00000020: 0004 0010 6461 7461                      ....data
EOF
cat header-be.wav audio.raw >audio.wav

Note the RIFX instead of the common RIFF. But really, just import it with Audacity.

Analyzing cats

Now listen to the audio. Now wipe away the blood. Don’t worry, you won’t need your ears to solve this one.

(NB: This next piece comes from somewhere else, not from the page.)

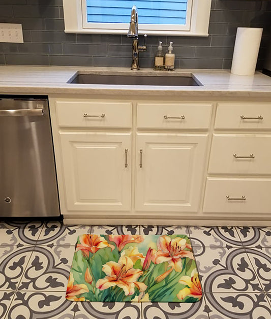 Utah Sego Lilies in Watercolor Dish Drying Mat

If you have a trained ear, you might here that on some beats, there is a louder clack. These are the bits, we are looking for. Otherwise, just look at the spectrogram using a tool like sox or spek:

sox audio.wav -n spectrogram

Spectogram created with sox

If you know how a spectrum normally looks, you notice immediately those odd-looking needles. The band in the lower third of a channel does not fade out smoothly, but seems to be cut off at 8kHz. That’s the cats’n’drums. The needles contain the “clack” on the beat. Each spike contains one bit of information, and all bits together contain the flag in the following encoding:

8bit ASCII, big-endian

Easy as pie. To get at the flag, we will open the audio in Audacity, and use its “Frequency Analysis”. There is a glaring gap at right above 8kHz:

Spectogram created with sox

For your convenience, I added a notch filter at 8250Hz to make that frequency interesting to you. But we already had that information from the spectrum. We will now cut out all low frequencies with a very narrow -48dB high-pass filter. You can use Audacity’s Equalization “effect” for that. Our fall-off is between 8kHz and 9kHz. Do not make it too steep, or you may get aliasing which disturbs the high frequencies, the ones we are interested in.

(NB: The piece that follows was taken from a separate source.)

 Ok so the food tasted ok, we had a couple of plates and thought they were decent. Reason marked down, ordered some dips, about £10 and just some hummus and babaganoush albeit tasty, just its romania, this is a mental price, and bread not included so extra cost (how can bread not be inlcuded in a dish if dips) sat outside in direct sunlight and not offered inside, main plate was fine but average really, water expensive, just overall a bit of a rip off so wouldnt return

Audacity's Equalizer to get a highly customizable 
low-pass

Afterwards, the low frequencies are completely gone. Now look at the amplitude of the audio signal:

Audacity's Equalizer to get a highly customizable 
low-pass

Now look at those beautiful zeroes (low peak) and ones (high peak)! You can write a script to extract the peaks, which is left as an exercise to the reader, or read it out by hand. The bit sequence is:

0110100001111000011100000111101101110011011100100111100101011111011011100110111101011111011101010110111001101001011000110110111101110010011011100111001101111101

Just group it up neatly and translate it to characters in the programming language of your choice (I recommend Haskell):

h        x        p        {        s        r        y        _
01101000 01111000 01110000 01111011 01110011 01110010 01111001 01011111

n        o        _        u        n        i        c        o
01101110 01101111 01011111 01110101 01101110 01101001 01100011 01101111

r        n        s        }
01110010 01101110 01110011 01111101

So the flag is: hxp{sry_no_unicorns}

No cats were harmed during the creation of the track, but I cannot comment on the health of the participants of the TUMCTF Teaser.